Variability in Footpoint Mapping of BBFs Using Tsyganenko Models: Impact on Swarm Conjunctions

TL;DR

This study evaluates how different Tsyganenko magnetic field models affect the footpoint mapping of BBFs, revealing variability that influences magnetospheric-ionospheric studies and satellite conjunction analyses.

Contribution

It systematically analyzes the impact of input parameters on footpoint locations across multiple Tsyganenko models using a large BBF dataset.

Findings

Approximately 90% of footpoints are near midnight MLAT and MLT.

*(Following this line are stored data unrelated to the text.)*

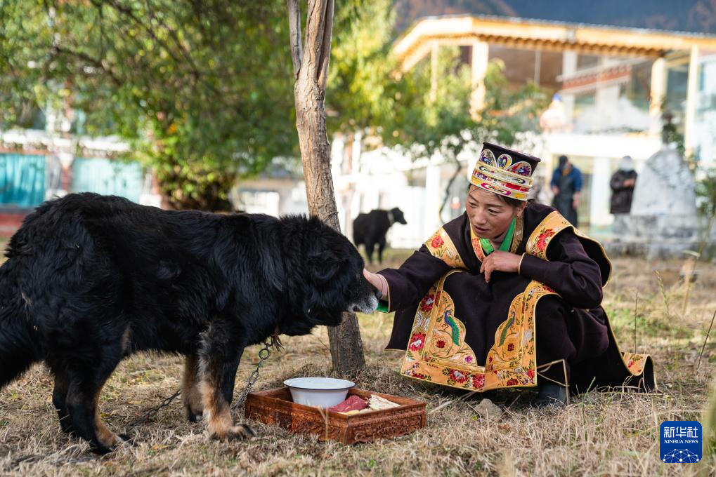 工布新年的大年初一,拉巴卓瑪按照習(xí)俗“請狗赴宴”,為家里的狗端來了新鮮牛肉、糌粑和牛奶(11月14日攝)。新華社記者 丁增尼達 攝
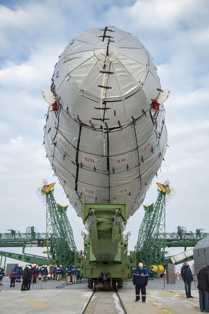Фотографии вывоза ракеты-носителя "Союз-2.1б" с разгонным блоком "Фрегат-М" и 34 спутниками OneWeb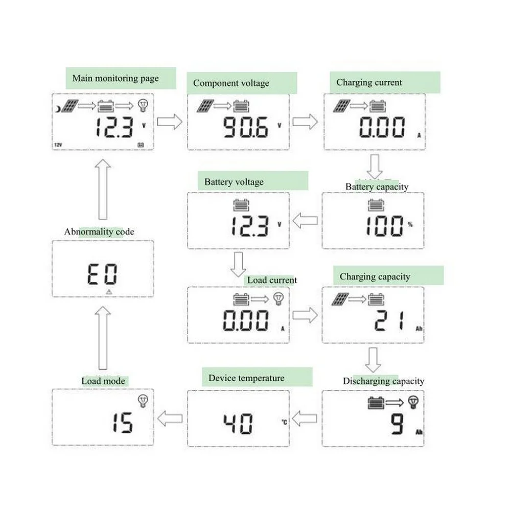 Этот продукт может следить за генерирующей мощностью солнечной панели и отслеживать самые высокие значения напряжения и тока (VI) в режиме реального времени, позволяя системе заряжать аккумулятор максимальной мощностью. Он предназначен для использования в автономных солнечных фотоэлектрических системах для координации работы солнечной панели, батареи и нагрузки, функционирует как основной блок управления в автономных фотоэлектрических системах.

Model differences cause about +/-4° in MLAT and +/-1 hour in MLT.

Uncertainty in footpoints affects satellite conjunction counts.

Abstract

Magnetospheric-ionospheric coupling studies often rely on multi-spacecraft conjunctions, which require accurate magnetic field mapping tools. For example, linking measurements from the magnetotail with those in the ionosphere involves determining when the orbital magnetic footpoint of THEMIS or MMS intersects with the footpoint of Swarm. The Tsyganenko models are commonly used for tracing magnetic field lines. In this study, we aim to analyze how the footpoint locations are impacted by the input parameters of these models, including solar wind conditions, geomagnetic activity, and the location in the magnetotail. A dataset of 2394 bursty bulk flows (BBFs) detected by MMS was mapped to Earth's ionosphere with six different Tsyganenko models. Approximately 90% of the ionospheric footpoints are concentrated within 70{\deg} +/-5{\deg} magnetic latitude (MLAT) and +/-3 hours of magnetic local time (MLT) around midnight, with a pronounced peak in the pre-midnight sector. The MLT position showed a difference of approximately +/-1 hour MLT across the models. Footpoint locations were linked to the dawn-dusk position of the BBFs, with differences between models associated with variations in the interplanetary magnetic field clock angle. The MLAT values exhibited similar differences of approximately +/-4{\deg} around the mean value, with a systematic shift toward lower latitudes in the T89 model. This position is also influenced by the input parameters of the model representing the dynamics of Earth's magnetosphere, where stronger magnetospheric activity typically corresponds to lower latitudes. The uncertainty on the BBF footpoint location impacts the number of conjunctions with Swarm. Generally, Swarm B exhibited more conjunctions than Swarm A or C in the Northern Hemisphere.